İnsanlık tarihinin başından beri Habil ve Kabil'in attığı ilk adımla beraber hak ve batıl çatışması at başı gitti.
Hak bir kamptı, batıl bir diğer. Hak kimi zaman bütün çıplaklığıyla ortadaydı, kimi zaman değerler üzerinden yaşatılan uzantılarıyla. Bunun karşısında da zulüm vardı. Ancak zulüm perdeler, maskeler ve mazeretler ve hatta meşrulaştırılmış idealler arkasına gizlenecektir. Hak ilahi kaynaklıdır. Batıl insan ve insanlaştırılmış din. Bu iki grup arasındaki çatışmalardır insanlık tarihinin savaşlarını, mücadelelerini yazan. Hangi açıdan baktığınıza göre değişen de bir kazananı ve kaybedeni vardır bu çatışmaların...

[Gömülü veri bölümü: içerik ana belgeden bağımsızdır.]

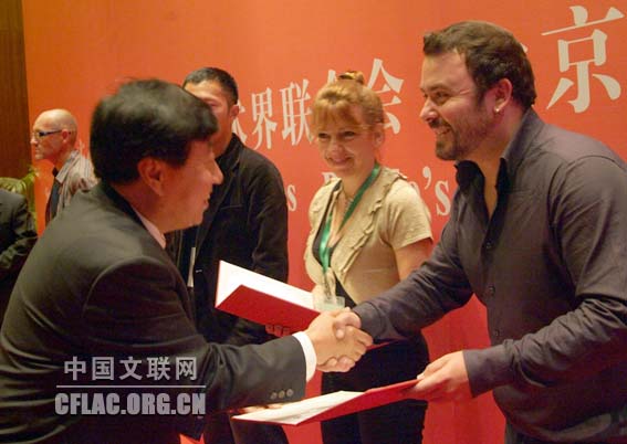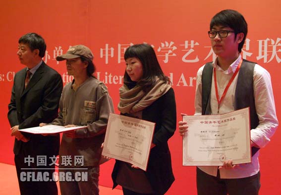 9月20日晚,第四届中国北京国际美术双年展颁奖仪式暨中国中青年美术家海外研修工程派遣仪式在京举行。图为中国文联副主席、中国美协主席刘大为向获奖者颁奖。中国文联网 云菲 摄

Bu hafta zalimlerden biri adalet önünde cezasını buldu. Demokratik Kongo Cumhuriyeti'nin eski Başkanı Thomas Lubango, ICC yani Uluslararası Ceza Mahkemesi tarafından on dört sene hapse çarptırıldı. Lubango mahkemenin ilk mahkûm ettiği kişi olması itibariyle de önemli. ICC 2002 senesinde kurulmuş çok yeni bir yapılanma. Ütopik ideallerden hareketle kurulmuş bir organizasyon. Farklı ülkelerden hâkimleri içerisinde barındırıyor. Amacı soykırım, savaş suçları, insanlığa karşı işlenmiş suçların müsebbiplerini adalet önüne çıkartmak. ICC'nin önündeki en büyük engellerden biri yaptırım gücünün kısıtlılığı. Bu da uluslararası hukukun yapısından kaynaklanmaktadır. Zira uluslararası hukuk ulusal hukuk sistemlerinin aksine yaptırım gücüne sahip değildir. Bir başka deyişle uluslararası hukukun içinde barındırdığı bir polis gücü yoktur. Yani yasaları devletlerin kendi arzuları ile uyulmasına, karşı çıkmamasına bağlıdır. Durum böyle olunca da tıpkı insan ilişkilerinde olabileceği gibi kimi güçlü ülkeler nice zayıf ülkeleri ezebilir, birincisi ikincisine zulmetse de adaletten kaçabilirler. Çünkü onları kollarından tutup yargı önüne çıkartabilecek bir güç yoktur. Misal George Bush örneği. Bugün her ne kadar Bush ve taifesi kendini dünyanın kurtarıcısı olarak görmekte ise de ve bunu kendi dini Hıristiyanlık adına yaptığını de kimi zaman açıktan kimi zaman da imalarla ifade etmiş ise de dünyanın bir başka açısından yani Bush'un başlattığı savaşların ülkelerinde yaşayan insanları tarafından gelmiş geçmiş en zalim liderler arasında görülmektedir. Bunun içindir ki; Bush dönemi küresel anlamda anti-Amerikanizmin en yüksek noktalara birden sıçradığı yıllara tekabül eder. Hâl böyle iken kimse Bush ve adamlarının ICC gibi uluslararası bir mahkemede adalet önüne getirilmesini aklından bile geçirmez. Geçirmez çünkü bunun olabilirliği olmadığına inanır insanlar. Çünkü hukuk siyasidir ve siyaset, dünya siyaseti, Bush gibilerin yargılanmasına müsaade etmez. Bunun altında da şunlar yatar: Birini yargılarsak sıra diğerlerine de gelir ve gün gelir ucu 'bize' dokunur. Veya Bush yargılanırsa Amerika bunun acısını mutlaka bir başka savaşla çıkartır, yargıladığımıza pişman eder...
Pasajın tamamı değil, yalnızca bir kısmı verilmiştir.